Work request
The copy you produce must hold every record exactly, and none of the images.

Information shown
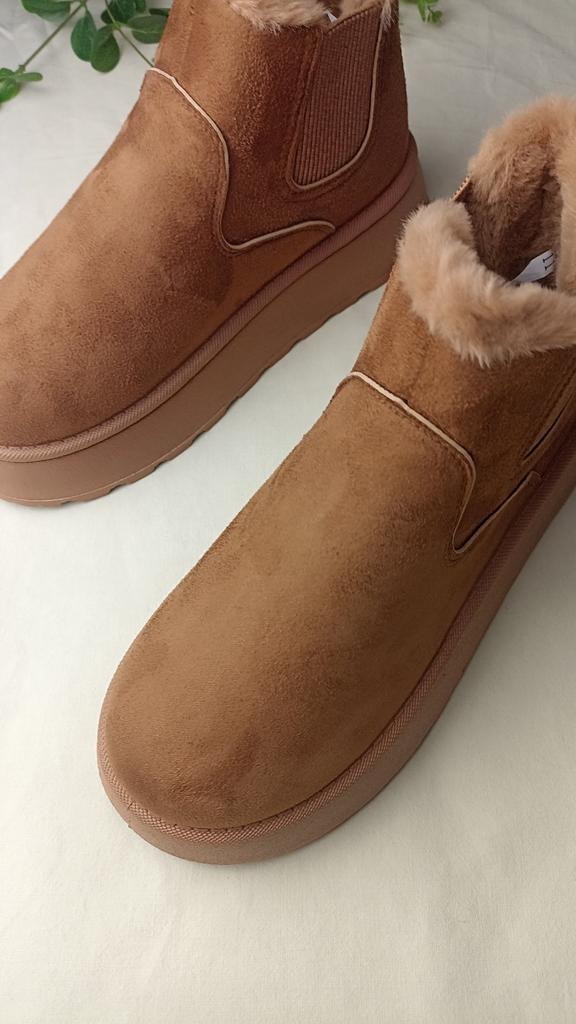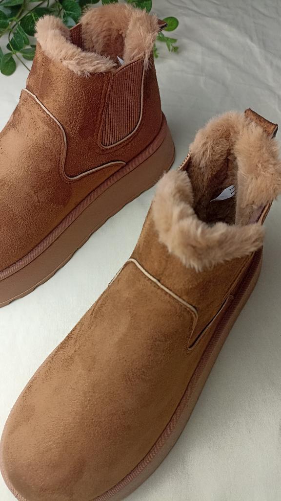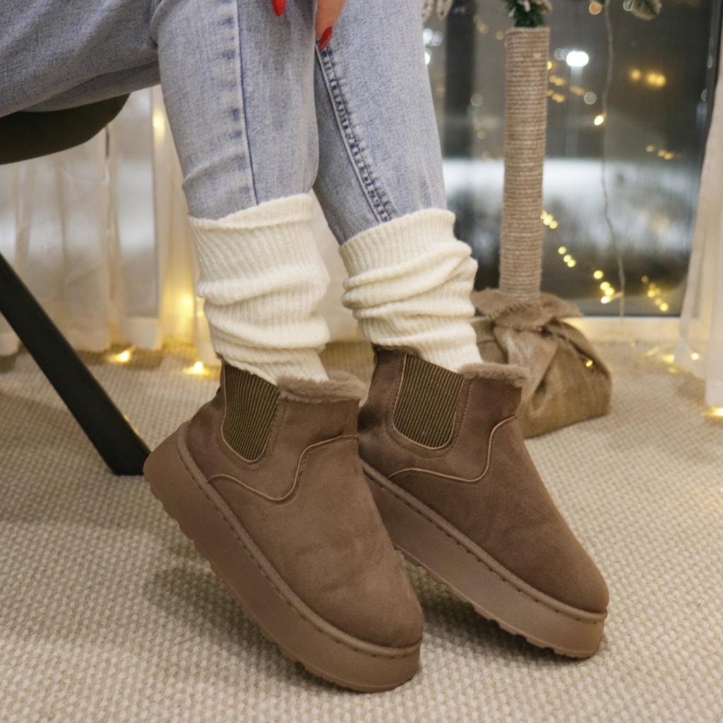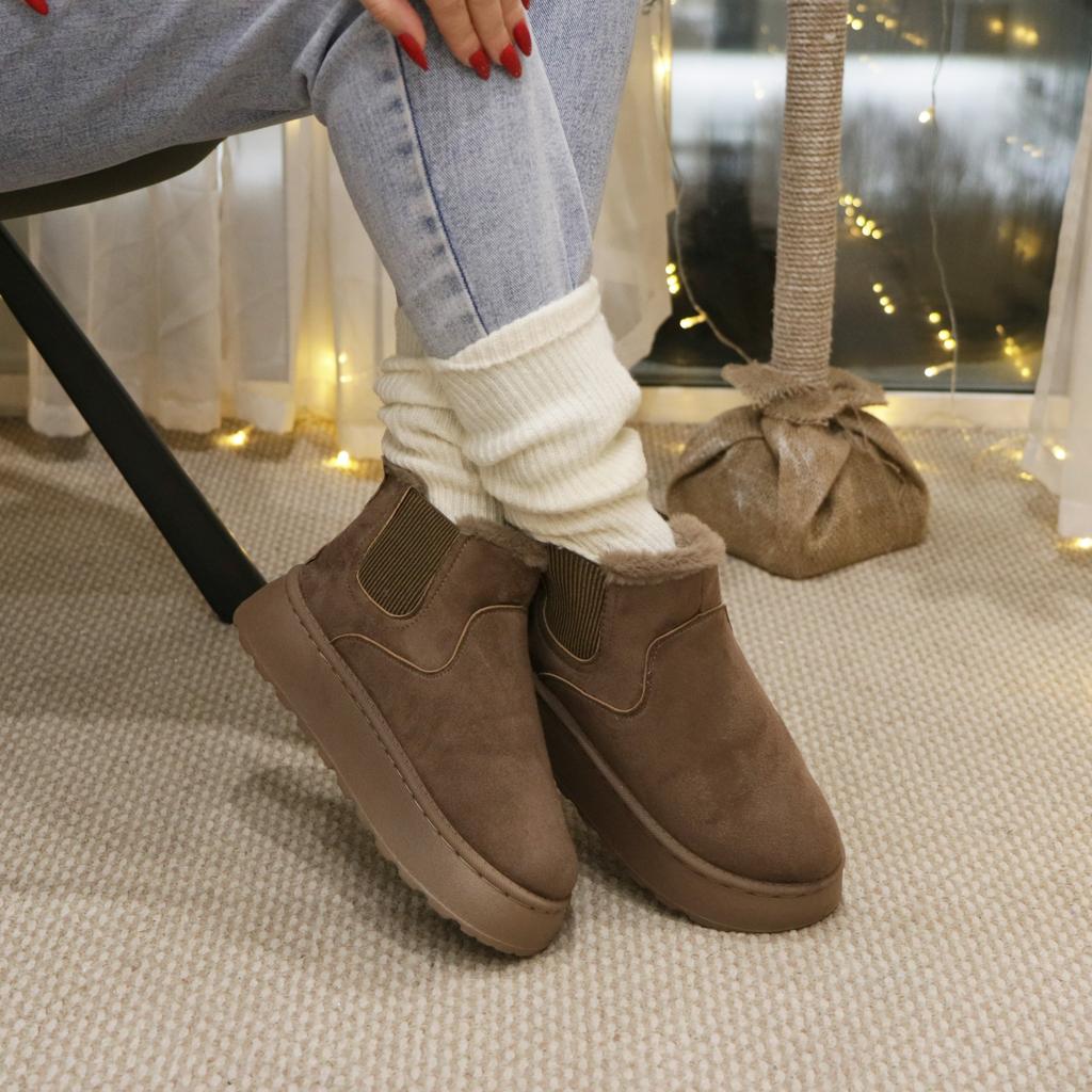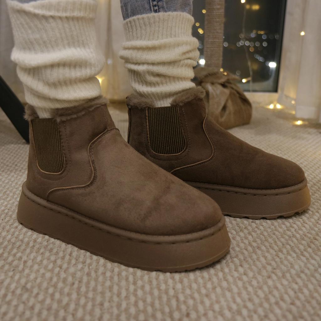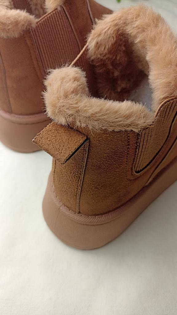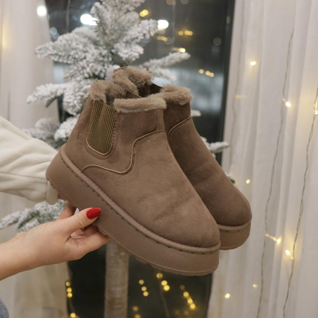 Women's fleece boots in large size – perfect comfort and warmth in the cold season These boots are designed for women who are looking for a combination of comfort, warmth and style in large sizes. The inner material is made of soft short velvet that provides an especially pleasant feeling of warmth, perfect for the cold days.. A thick, sturdy sole provides stability and support throughout the day, and the elastic strap ensures a comfortable fit that doesn't constrict. With a round toe and a design tailored for larger sizes, the boots are suitable for everyday use and will add a fashionable touch to any outfit.. An excellent choice for women who want to keep their feet warm and comfortable without compromising on style!
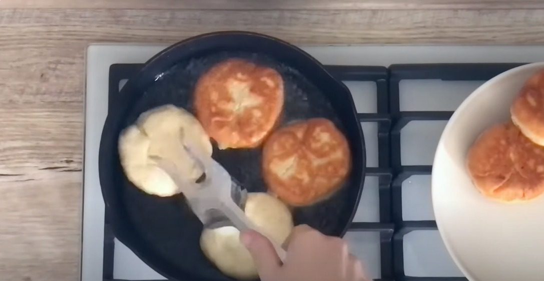 У пательні розігрійте олію, яка має повністю покрити дно. Обсмажте біляші на середньому вогні з одного боку. Коли з’явиться рум’яна скоринка, переверніть і підсмажте до готовності.
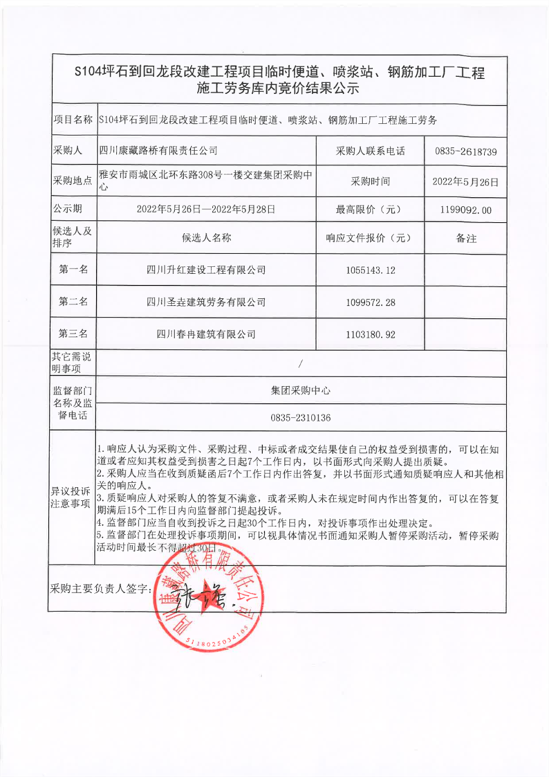 四川康藏路橋有限責任公司S104坪石到回龍改建工程項目臨時便道、噴漿站、鋼筋加工廠工程施工勞務庫內(nèi)競價結果公示
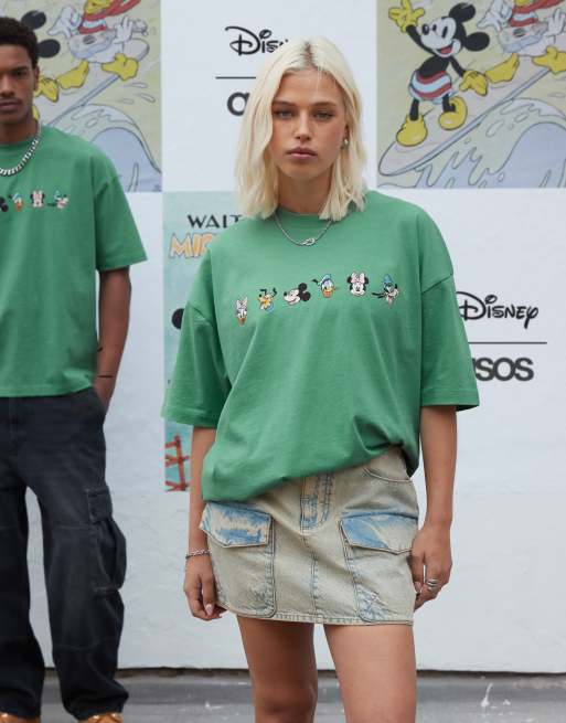 ASOS DESIGN Disney unisex oversized t-shirt with Mickey Mouse & Friends prints in washed green
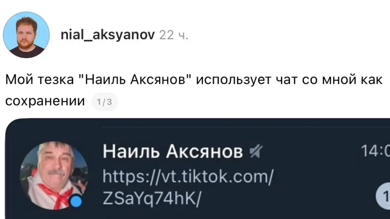 Что делать, если ваш чат в мессенджере кто-то использует как личное хранилище файлов? С такой проблемой столкнулся Наиль Аксянов: его тезка преклонных лет отправляет в их диалог скриншоты, видео и фотографии документов, видимо, считая это «Избранным». Ответ на сообщения парня оказался невероятным:
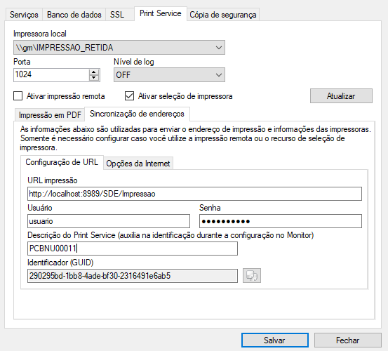 Identificador textual para diferenciar o servidor de impressão. No Monitor serão listados os servidores que realizaram registro nos últimos 30 dias. Para agilizar o processo de identificação dos servidores durante o processo de configuração de impressão, é possível sugerir um nome para o Print Service. Se deixar esse campo em branco o sistema utilizará o nome do computador como identificação textual.
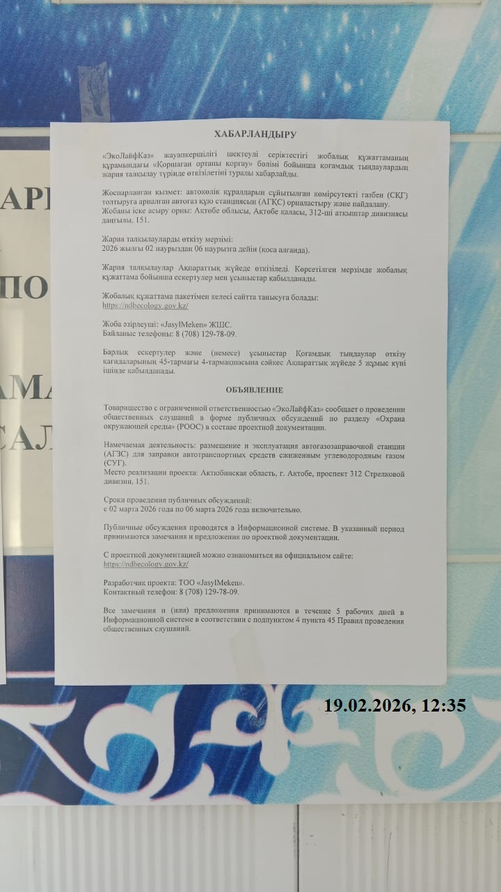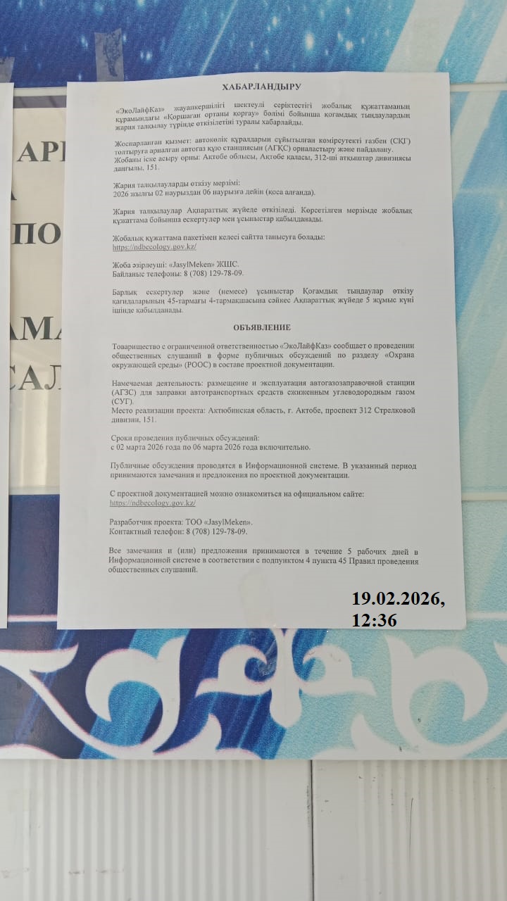 4.2. Дополнительная информация о административно-территориальных единиц: Актюбинская область, г. Актобе, проспект 312 Стрелковой дивизии, 151.

Response to this task
 Women's fleece boots in large size – perfect comfort and warmth in the cold season These boots are designed for women who are looking for a combination of comfort, warmth and style in large sizes. The inner material is made of soft short velvet that provides an especially pleasant feeling of warmth, perfect for the cold days.. A thick, sturdy sole provides stability and support throughout the day, and the elastic strap ensures a comfortable fit that doesn't constrict. With a round toe and a design tailored for larger sizes, the boots are suitable for everyday use and will add a fashionable touch to any outfit.. An excellent choice for women who want to keep their feet warm and comfortable without compromising on style!
 У пательні розігрійте олію, яка має повністю покрити дно. Обсмажте біляші на середньому вогні з одного боку. Коли з’явиться рум’яна скоринка, переверніть і підсмажте до готовності.
 四川康藏路橋有限責任公司S104坪石到回龍改建工程項目臨時便道、噴漿站、鋼筋加工廠工程施工勞務庫內(nèi)競價結果公示
 ASOS DESIGN Disney unisex oversized t-shirt with Mickey Mouse & Friends prints in washed green
 Что делать, если ваш чат в мессенджере кто-то использует как личное хранилище файлов? С такой проблемой столкнулся Наиль Аксянов: его тезка преклонных лет отправляет в их диалог скриншоты, видео и фотографии документов, видимо, считая это «Избранным». Ответ на сообщения парня оказался невероятным:
 Identificador textual para diferenciar o servidor de impressão. No Monitor serão listados os servidores que realizaram registro nos últimos 30 dias. Para agilizar o processo de identificação dos servidores durante o processo de configuração de impressão, é possível sugerir um nome para o Print Service. Se deixar esse campo em branco o sistema utilizará o nome do computador como identificação textual.
 4.2. Дополнительная информация о административно-территориальных единиц: Актюбинская область, г. Актобе, проспект 312 Стрелковой дивизии, 151.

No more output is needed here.